Design and develop scalable, robust, and high-performance data pipelines and data storage solutions.
Architect and implement data models and schemas optimized for both performance and scalability.
Develop and maintain ETL (Extract, Transform, Load) processes to ingest data from various sources, including structured and unstructured data.
Implement data transformation and cleaning procedures to ensure data quality and consistency.
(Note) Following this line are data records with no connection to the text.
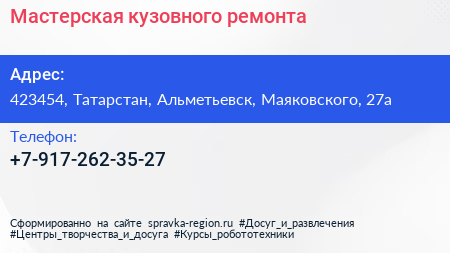 Мастерская кузовного ремонта по адресу 423454, Татарстан, Альметьевск, Маяковского, 27а в дальнейшем Организация, размещена в следующих категориях:
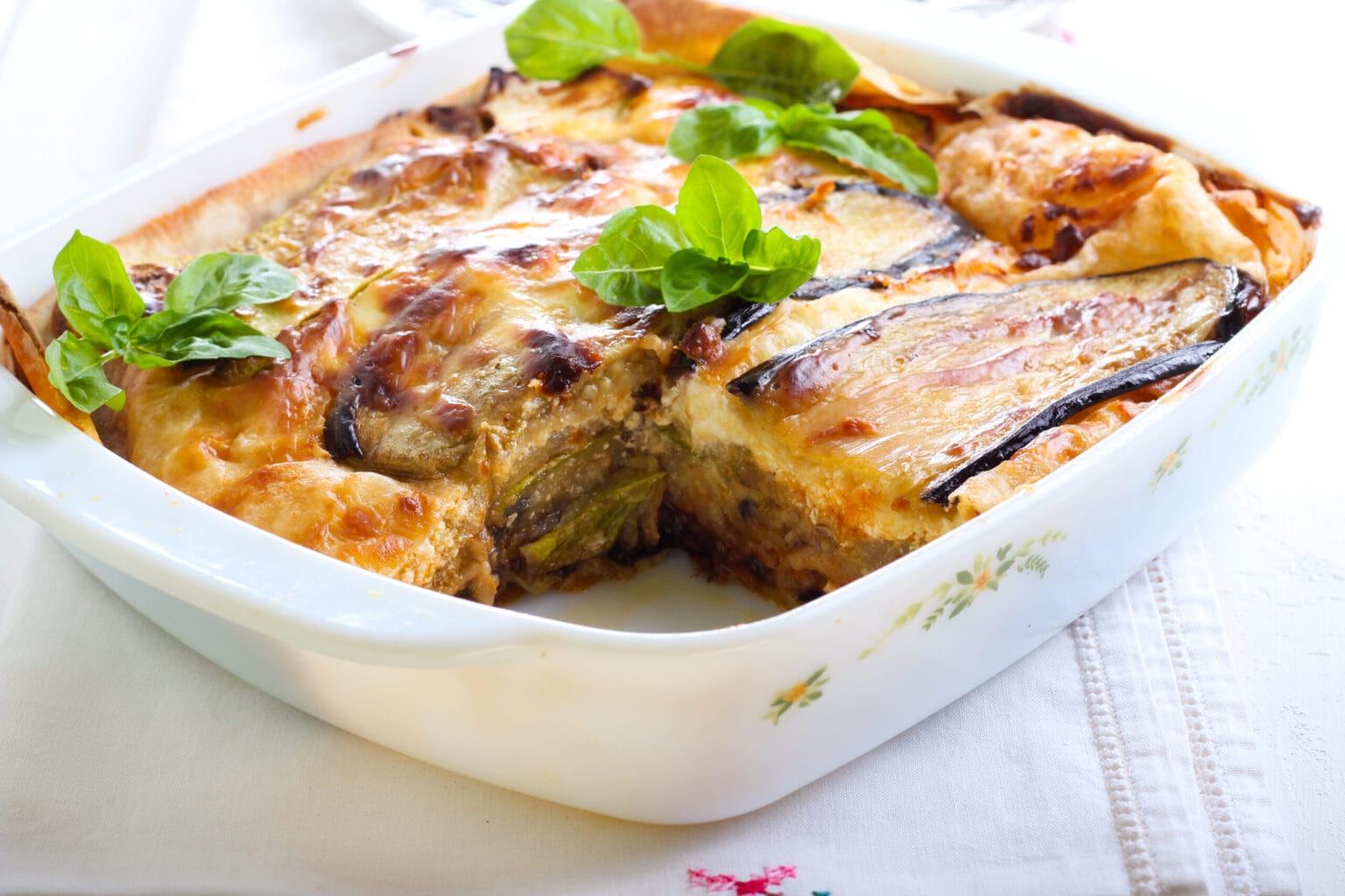 L’ho chiamata lasagna di verdure, ma in realtà non ci sono sfoglie di pasta: gli strati sono composti da fettine sottili di melanzane e zucchine, alternate a formaggi filanti e verdure saporite. È una millefoglie di ortaggi che si taglia a fette come una vera lasagna, e piace anche ai bambini.
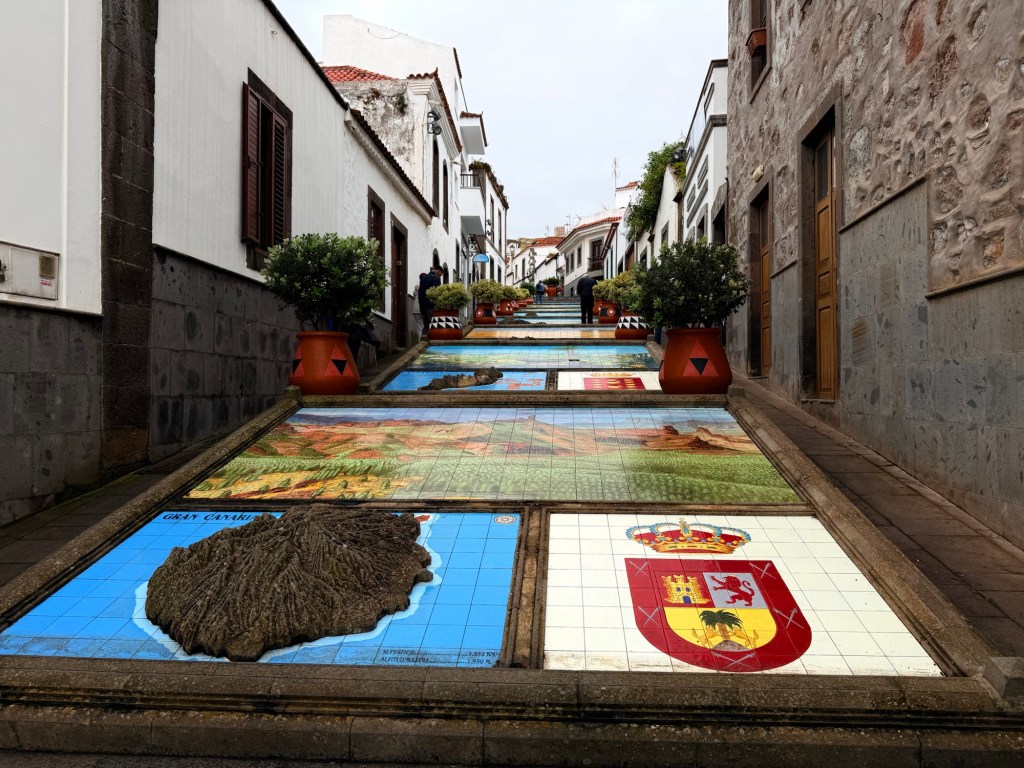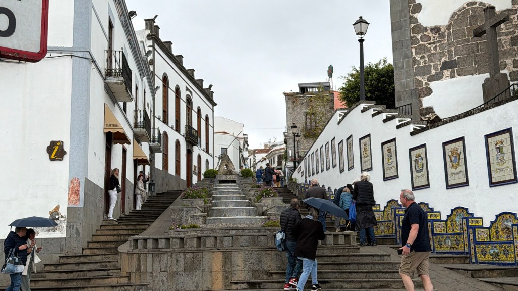 Från Moya tog bussen oss till Firgas där vi naturligtvis besökte den berömda trappan med vattenfall och de fina sofforna med motiv från öns alla kommuner.
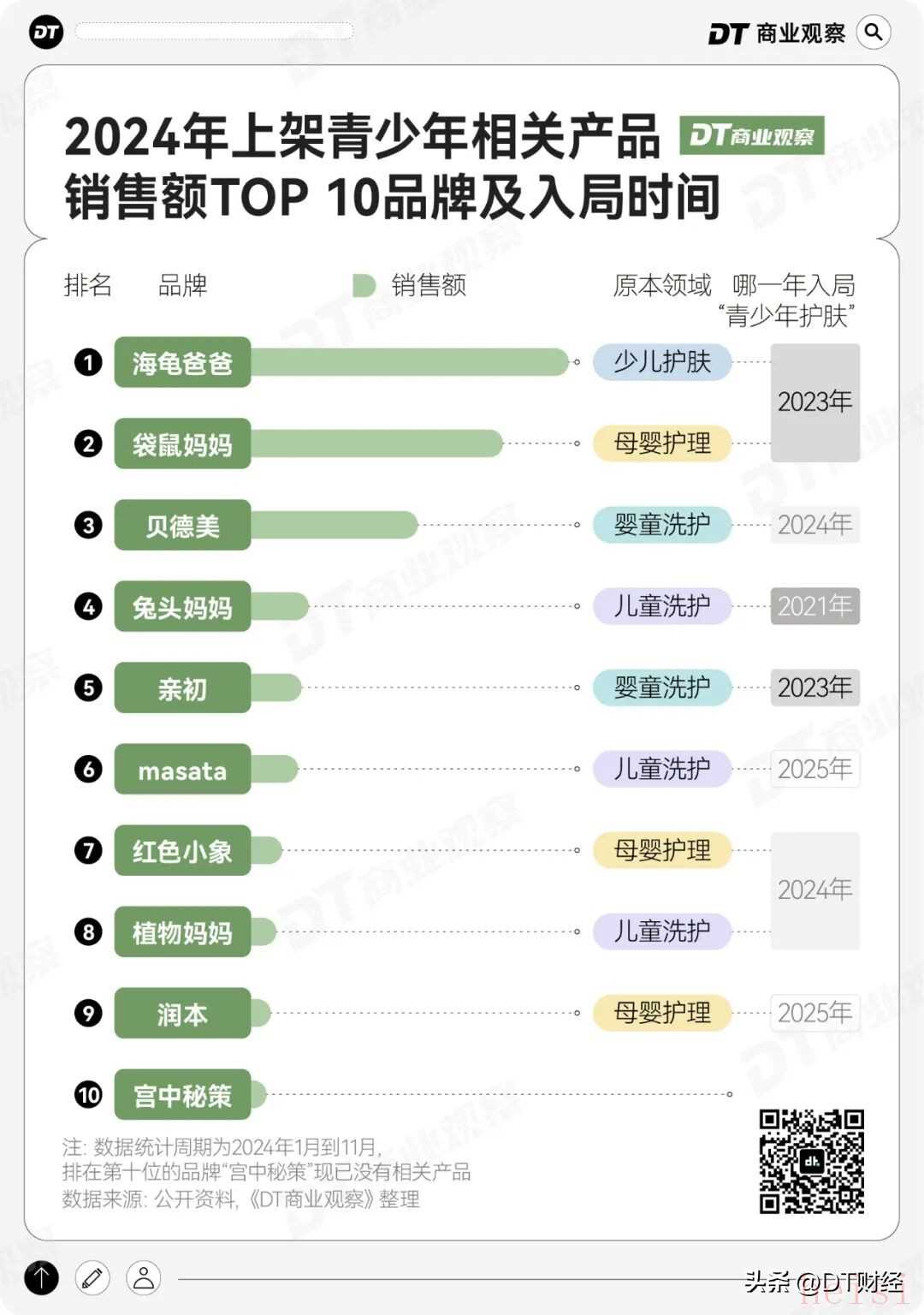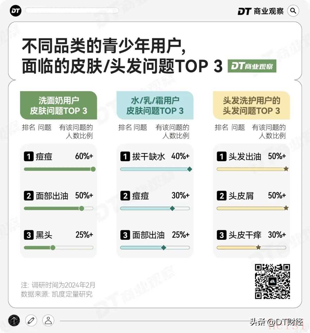 写在最后不管是从孕产护肤起家的袋鼠妈妈,还是瞄准“儿童防晒”的“海龟爸爸”,这些品牌之所以能在“美妆护肤”这片卷生卷死的海里分到一杯羹,原因还在于紧紧抓住一个细分人群,找到他们的真实痛点,然后“做精准”、“做深入”。不过,青少年护肤赛道虽然新且有潜力,但针对这一行业的相关规范和产品标准还存在一定的缺失。比如,很多青少年都会面临 “长痘” 困扰 —— 从常见的黑头、白头粉刺,到红肿的炎性痘痘,这些都是真实存在的皮肤痛点,市面上打多数青少年护肤品也因此主打 “祛痘” 的概念。但需要注意的是,“痘痘” 只是我们日常口头商的俗称,其背后可能包含结节、囊肿等更严重的痤疮类型,这类问题往往单靠护肤品难以彻底解决。因此,《DT商业观察》在关注潜力赛道、黑马品牌的同时,也期待更多产品和行业规范的出炉。

Optimize data processing workflows to ensure efficient resource utilization and minimize latency.
Utilize big data technologies such as Hadoop, Databricks, Spark SQL, Kafka, and Hive to process and analyze large datasets.
Integrate data from multiple sources, including databases, APIs, and third-party data providers.
Manage and maintain data lakes and data warehouses, ensuring data is organized and accessible for analysis.
Work closely with data scientists, analysts, and other stakeholders to understand data requirements and deliver solutions that meet their needs.
Provide technical guidance and support to team members and other departments as needed.
Stay updated with the latest industry trends and best practices in big data engineering.
Continuously improve data processing techniques and tools to enhance the overall efficiency and effectiveness of the data engineering team.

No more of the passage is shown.